Line by line, repeat the material below exactly and skip the images.

§ **Data provided**:
[Start of Attachment]
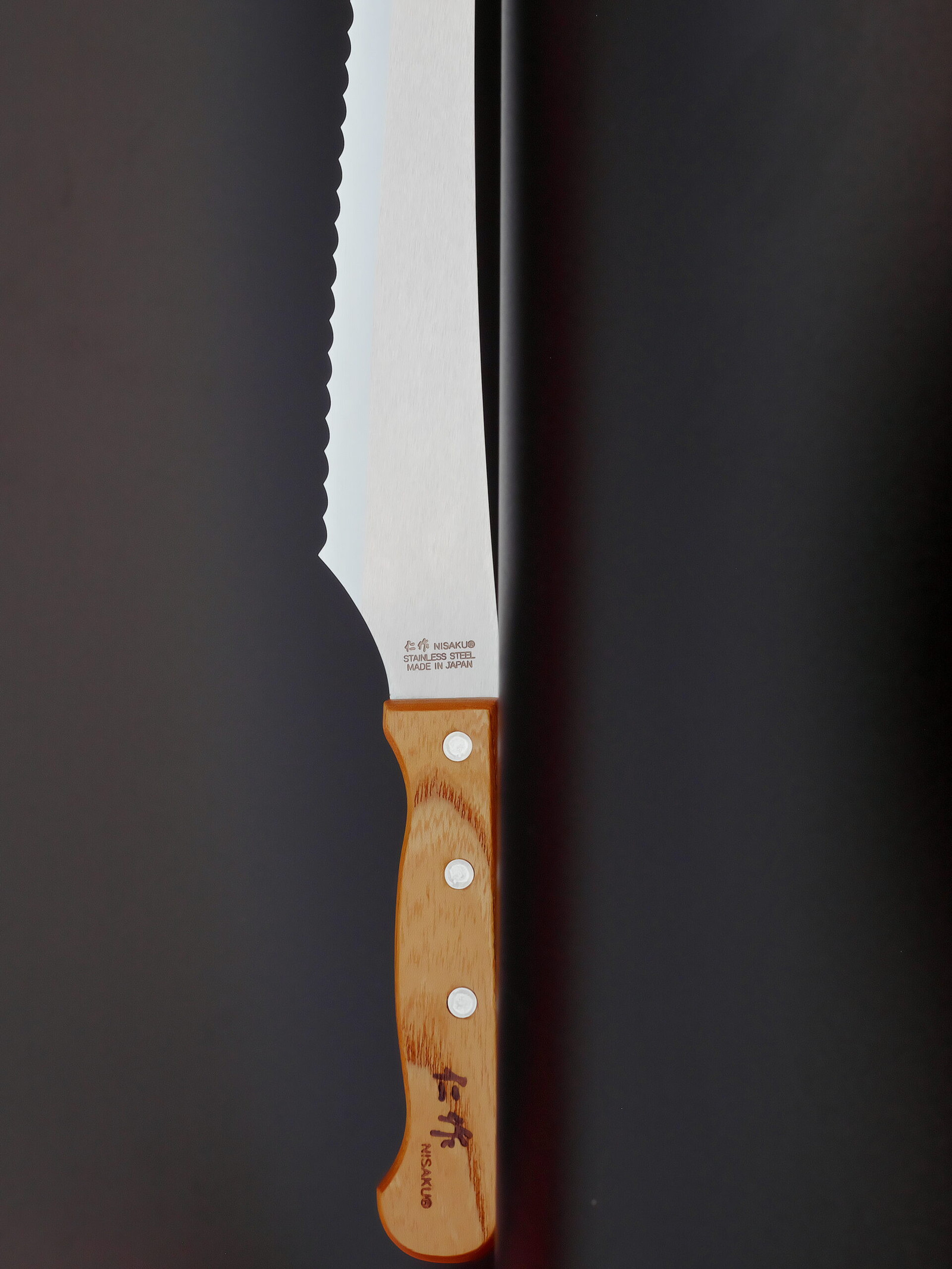 Disponibile in tre misure opzionabili: 240, 300, 360 mm. In Giappone spesso la lunghezza della lama è calcolata dalla punta fino all’attaccatura del manico, come nel caso di questi coltelli Pan-kiri. La misura effettiva del filo tagliente è rispettivamente di 210, 270, 330 mm.
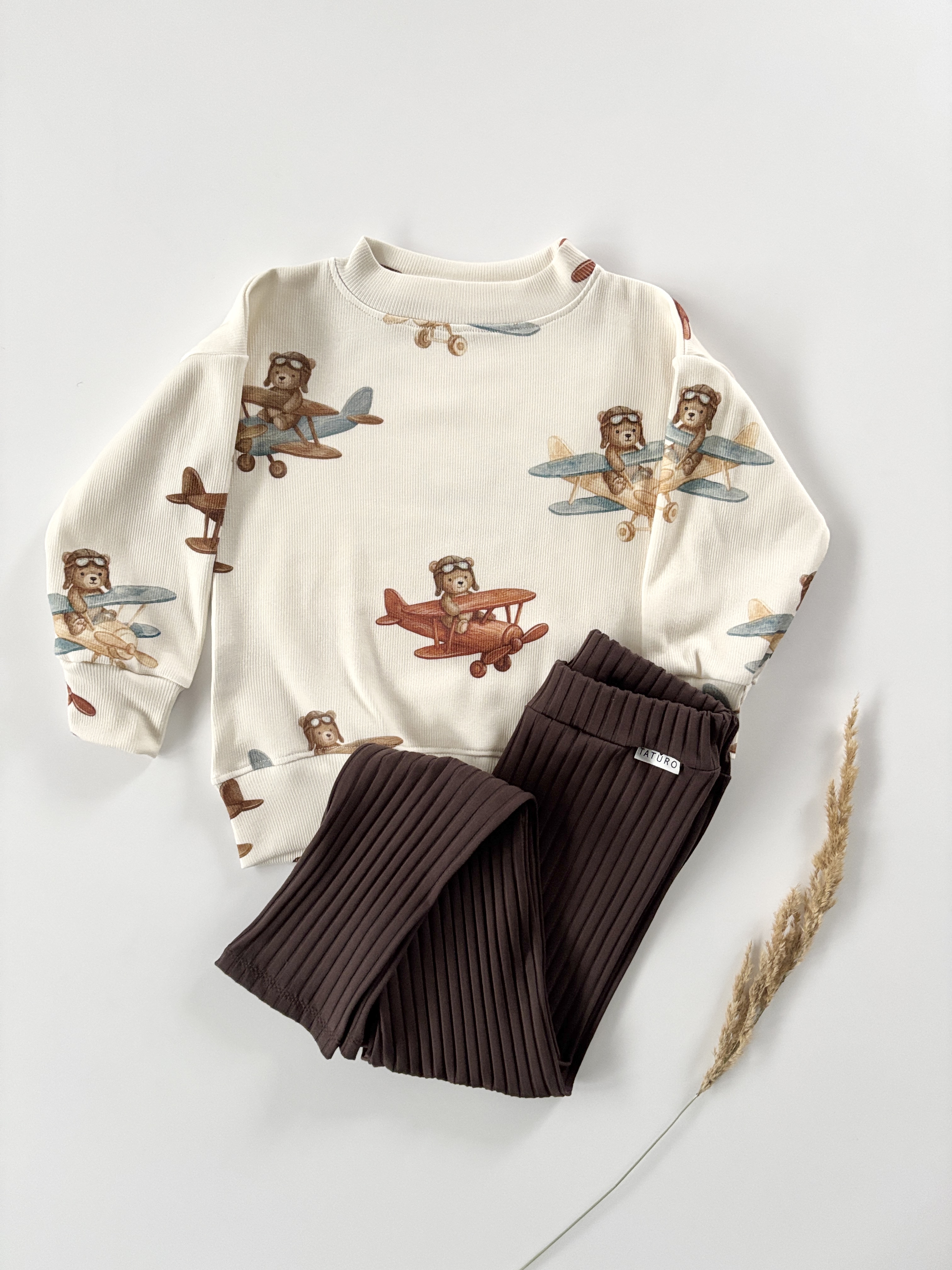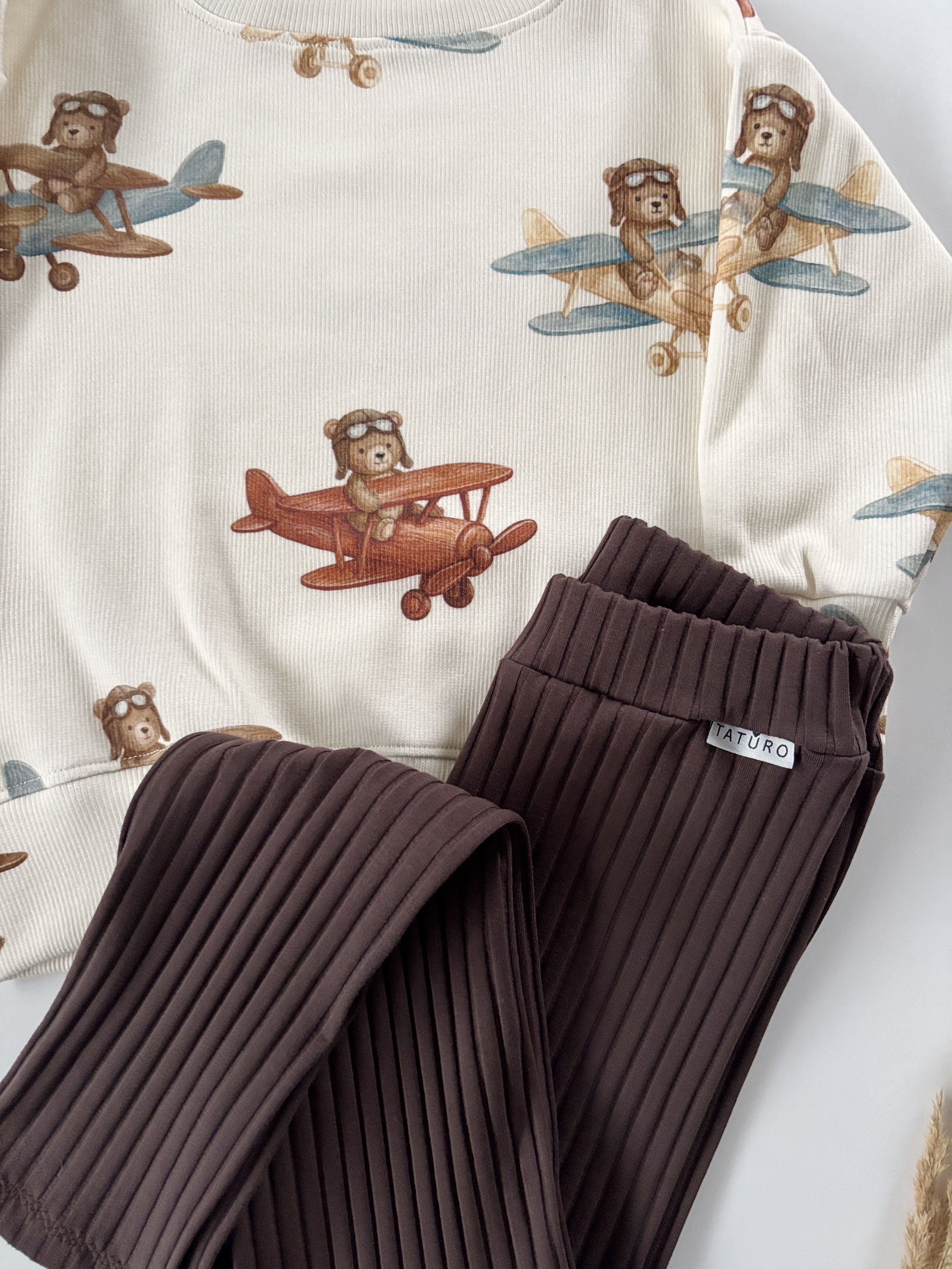 - kolor bluza prążkowana w misie w samolotach , legginsy w szeroki prążek ciemna czekolada (ustawienia monitora mogą powodować różnice w odcieniu),
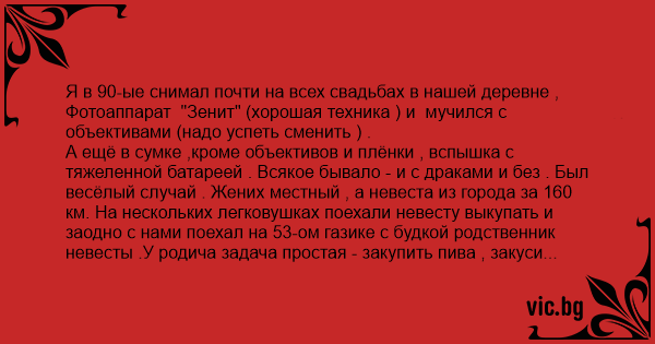 Я в 90-ые снимал почти на всех свадьбах в нашей деревне , Фотоаппарат "Зенит" (хорошая техника ) и мучился с объективами (надо успеть сменить ) .
[End of Attachment]
§ **Reply to the task**:
 Disponibile in tre misure opzionabili: 240, 300, 360 mm. In Giappone spesso la lunghezza della lama è calcolata dalla punta fino all’attaccatura del manico, come nel caso di questi coltelli Pan-kiri. La misura effettiva del filo tagliente è rispettivamente di 210, 270, 330 mm.
 - kolor bluza prążkowana w misie w samolotach , legginsy w szeroki prążek ciemna czekolada (ustawienia monitora mogą powodować różnice w odcieniu),
 Я в 90-ые снимал почти на всех свадьбах в нашей деревне , Фотоаппарат "Зенит" (хорошая техника ) и мучился с объективами (надо успеть сменить ) .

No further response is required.